# My Black "Test"



## studioalamode (May 12, 2009)

I haven't had a chance to get some mica, or charcoal, or black oxide... but I was in the cake section of Wal-Mart and saw black paste food coloring, which I've heard can be used for soaps.  It was only $1.47, so I thought it was worth the risk. 

Here's the final result - I added some soap glitter, but the glitter didn't photograph very well.  The soaps are really pretty.  I used a rubber stamp inset.  The soap base was olive oil and aloe and I scented it with Jasmine.


----------



## Tabitha (May 12, 2009)

Pl3ease bath with it & report back if you had black bubbles or if it left a ring around your tub or turned your rag black, etc. I would be interested to know more.


----------



## OceanGirl-3 (May 13, 2009)

Noice :wink:


----------



## topcat (May 13, 2009)

Wow - that's striking!  I will be interested too in whether it stains.....

Tanya


----------



## OceanGirl-3 (May 13, 2009)

I did a black one   but with clear  :wink:


----------



## studioalamode (May 13, 2009)

Thanks!

I was thinking the same thing -- that I need to test them -- also I'm letting them "dry" for a day so they are not so slick looking.  They looked better this morning.  I did use some of the leftover on my hands and although it made black bubbles, my hands were not stained.  (after I made them I remembered all the times I gave my kids Halloween cookies from the bakery with black icing and it turned their mouth and tongues... so I was worried!)  I wish I would have thought to check the sink for residue!   I will have to bathe with one and I will report back.

I really like these molds.  I got them at Michaels.  They are square with a beveled edge, then there is a set of six rubber stamps that fit perfectly inside the square in the middle -  There's a leaf, a dandelion, a heart, "made with love" or something like that, a dragonfly, and the one I used for this.   Here's another pic of soaps using the same mold and rubber stamps...(again, pic not so good)... plus I wrapped them before I thought to take a pic.  These are milk and honey with nutmeg.

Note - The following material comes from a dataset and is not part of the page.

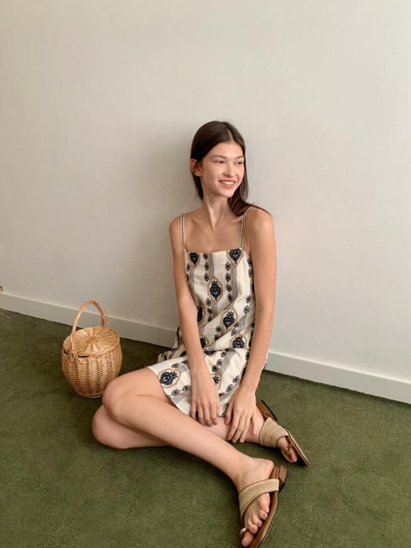 ワンピース ボヘミアン 立体刺繍 キャミソール 綿 コットン 幾何学柄 ミディ丈 ゆったり ノースリーブ 夏 サマー リゾート アプリコット カジュアルスタイル 切り替え

http://img89.imageshack.us/img89/5176/j ... day067.jpg


----------



## studioalamode (May 14, 2009)

Test results are in:

Black foam (not much foam because I used aloe and olive oil base)
No staining on body
No staining on cloth
No residue in tub

Yay!!


----------



## topcat (May 14, 2009)

That is excellent!  Something else on my 'to do' list now :wink: 

Tanya


----------



## Guest (May 16, 2009)

That is beautiful soap I love it.


----------



## artisan soaps (May 17, 2009)

..


----------



## moondancer (May 25, 2009)

That is a gorgeous soap! I love the black... I'm thinking I need some licorice scent for it though. LOL The idea of using paste food coloring is great! If black doesn't stain, the other colors might not either. Yay!!


----------



## ibariaSoap (May 28, 2009)

That looks so cool! A straight up black soap is so masculine looking... (of course minus any glitter/sparkles) lol


----------



## tincanac (Jun 3, 2009)

Aniseed Oil (I dont know whether you would call it an essential oil) would give it a yummilicious licorice smell - you only have to add a wee bit as well!


----------



## krissy (Jun 12, 2009)

i used the same stuff in a batch of cpop and after the cook, it was candy cane red!


----------



## Jody (Jun 12, 2009)

Those are some really beautiful soaps Janet.  Congrats!!!!


----------



## ikindred (Jun 21, 2009)

These soaps are beautiful.  I would love to try the honey and nutmeg one!


----------



## gcfanca (Jun 25, 2009)

Great soaps, I really do like the mold! Great job!


----------